As good as the Nexus 7 is for most things, every time I pick the iPad up I am struck by how much better the user experience is compared to that of the Nexus 7.
The operation of the iPad is more consistent, fluid, and more pleasing than that of the Nexus 7. Even with the much improved Project Butter enhancements in Jelly Bean, the iPad is more pleasant to use.
A big part of the consistent user experience of the iPad is due to the apps. Whether you like the closed system of iOS or not, the apps work more consistenly no matter the function. When you fire up an iPad app you know where all the controls will be as they are intuitively placed.
Apps on the iPad work as expected and with a pleasant interface. That's across the board, and why using the iPad is so pleasing compared to using the Nexus 7.
I am on record for using both the iPad and Android tablets to get real work done, and I also use them for the typical leisure activities tablets are famous for. The better user experience applies equally to the iPad for all uses.
While certain activities are better suited for the smaller Nexus 7, such as ebook reading, the Kindle iPad app is better than that on Android. The simple function of sorting a big ebook library by most recent activity, the preferred method, is strangely absent from the Nexus 7. Finding my most recent purchases is a nightmare on the Nexus 7 while easy (and instantaneous) on the iPad.
UPDATE: Lo and behold the latest update for the Kindle app on the Nexus 7 has finally added sort by recent activity.
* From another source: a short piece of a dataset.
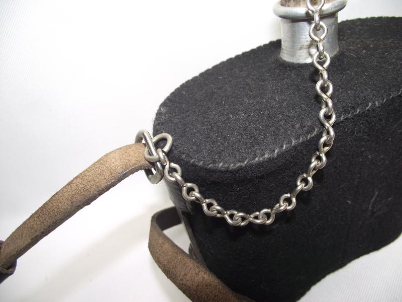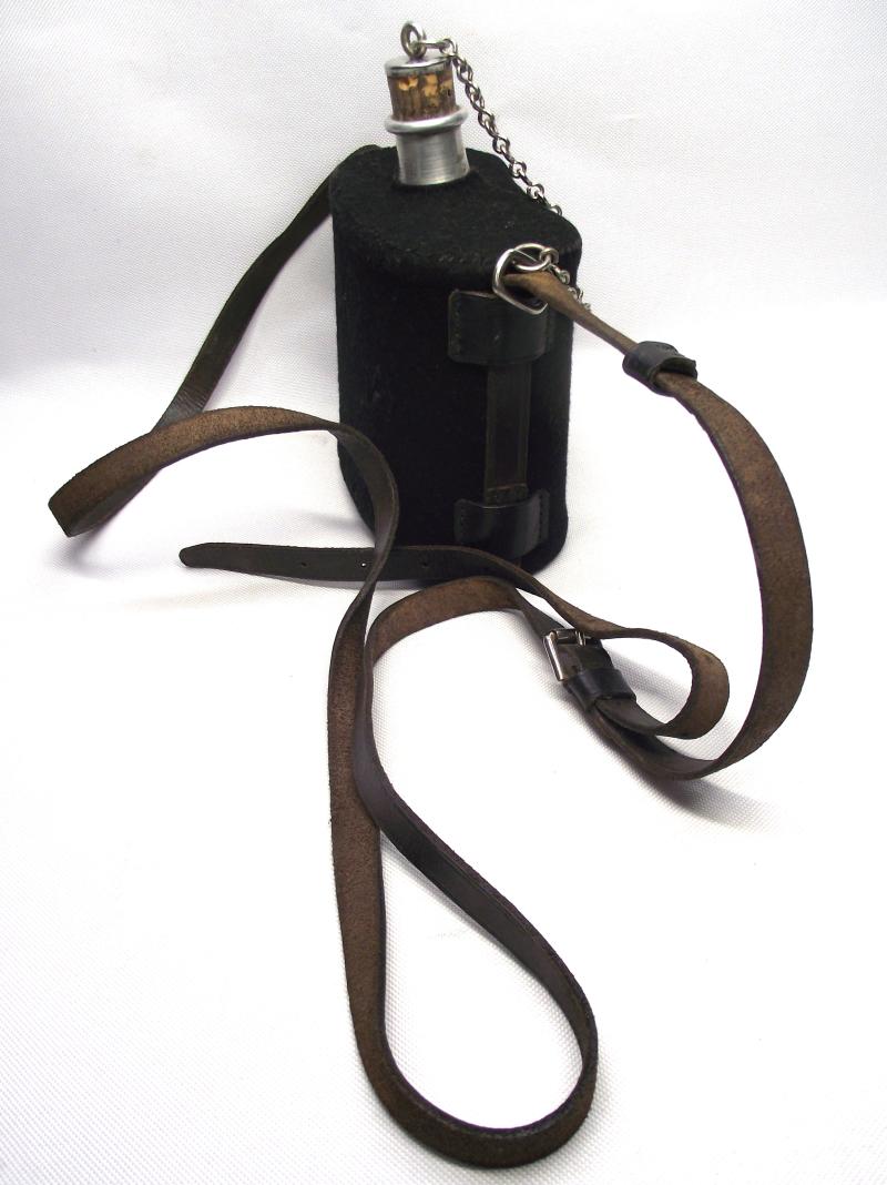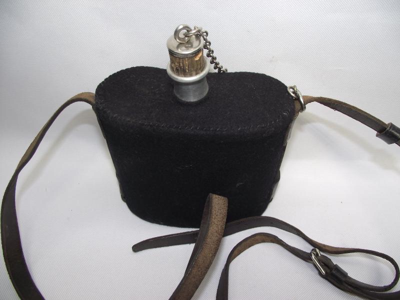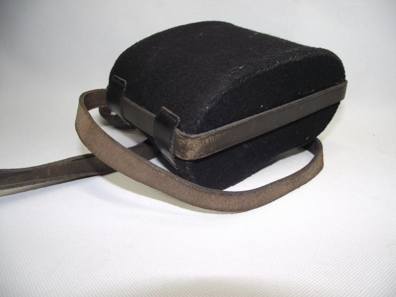 Ok so let me be honest, the title above is an opinion i have only, as i cannot find an example anywhere. It does have a feel of a WW1 period example with black felt body and the leather hanging harness, no stamps etc to be found. As for condition i would say its very good with some minor moth tracking only to the cloth cover , no dents to the body. Leather harness is supple and complete with all four leather fixing straps to the cloth in sturdy condition. The actual size of the body without taking the spout into consideration is around 5 x 6 x 3. So even without me being able to put my finger on use, other than carrying water, im inclinded to suggest its an interesting piece!

Jelly Bean on the Nexus 7 has gone a long way to address the laggy, jerky operation of other Android tablets that has in the past driven me nuts. Scrolling in windows is not completely fluid, but it's much better than scrolling on other Android tablets.
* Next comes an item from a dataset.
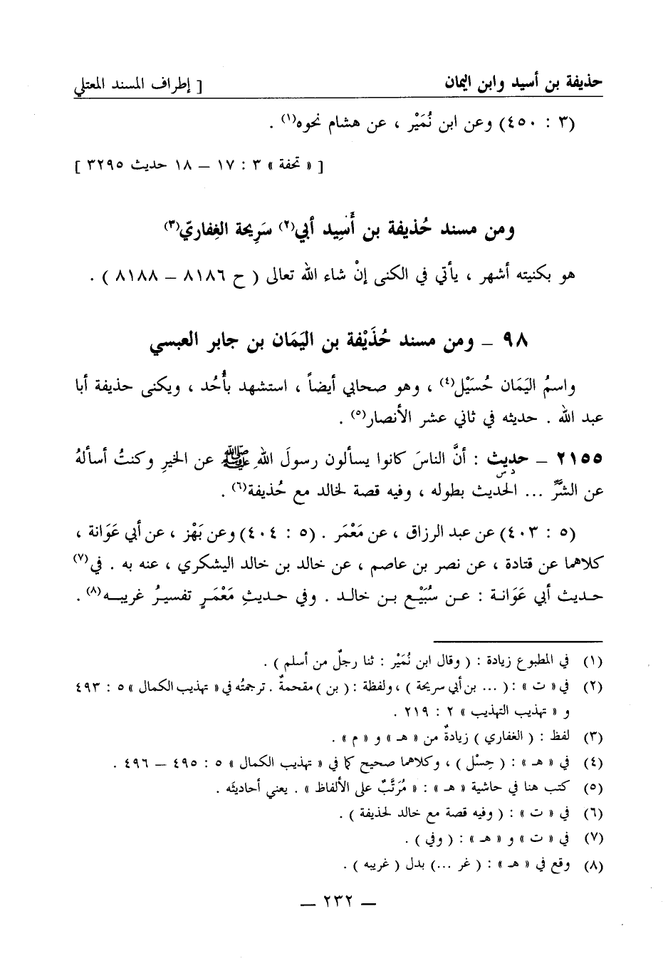 ومن مسند حذيفة بن اليمان بن جابر العبسي واسم اليمان حسيل وهو صحابي أيضا استشهد بأحد ويكنى حذيفة أبا عبد الله حديثه في ثاني عشر الأنصار

It's good, but not good enough compared to the iPad. I can use the Nexus 7 heavily and have no complaints. Then I pick up the iPad and realize immediately how much more fluid and pleasant to use it is compared to the Nexus 7.
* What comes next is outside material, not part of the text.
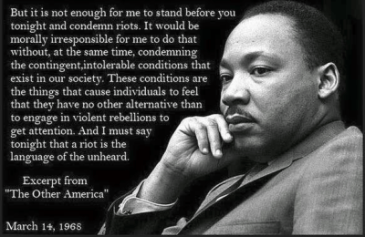 However, as Dr. King so eloquently put it, riots are the “language of the unheard.” In addition, riots are a response to the structural and daily violence imposed by the systems of capitalism and white supremacy on communities of color. Structural violence is the daily oppression that communities of color experience in the form of poverty, lack of adequate housing, poor health care, lack of educational opportunities and environmental racism.

The quality of iPad apps is for the most part better than those available for the Nexus 7. The rigid rules Apple places on developers is often criticised, but the end results speak for themselves.
I use lots of apps on both the Nexus 7 and the iPad, and I can't think of more than one or two on the Nexus 7 that are better than similar apps on the iPad. There are rare exceptions like the Gmail app in Android, but those are far too rare.
Using an iPad is so much more pleasant compared to the Nexus 7 that I am confident that the rumored iPad Mini (or as I prefer to call it the iBook) will capture the small tablet market and quickly. The pricing Apple puts on the smaller tablet will certainly be a factor, but knowing the company I believe they will get it right.
I can see Apple selling more than 10 million iPad Minis in just a few months. They will be perfect holiday gifts and the novelty of a smaller iPad will be popular.
The smaller size of the Nexus 7 is its only advantage over the existing iPad and the iPad Mini will wipe that out. I expect the littlest iPad will own the small tablet market almost from launch.
This is my opinion and it won't be popular with Android enthusiasts. That's OK, but the difference between the iPad and the Nexus 7 hits me in the face every time I set the Nexus down and pick up the iPad.
That's not just guesswork, that is based on heavily using both the iPad and the Nexus 7. The Nexus 7 is good, but not good enough to head off a small iPad.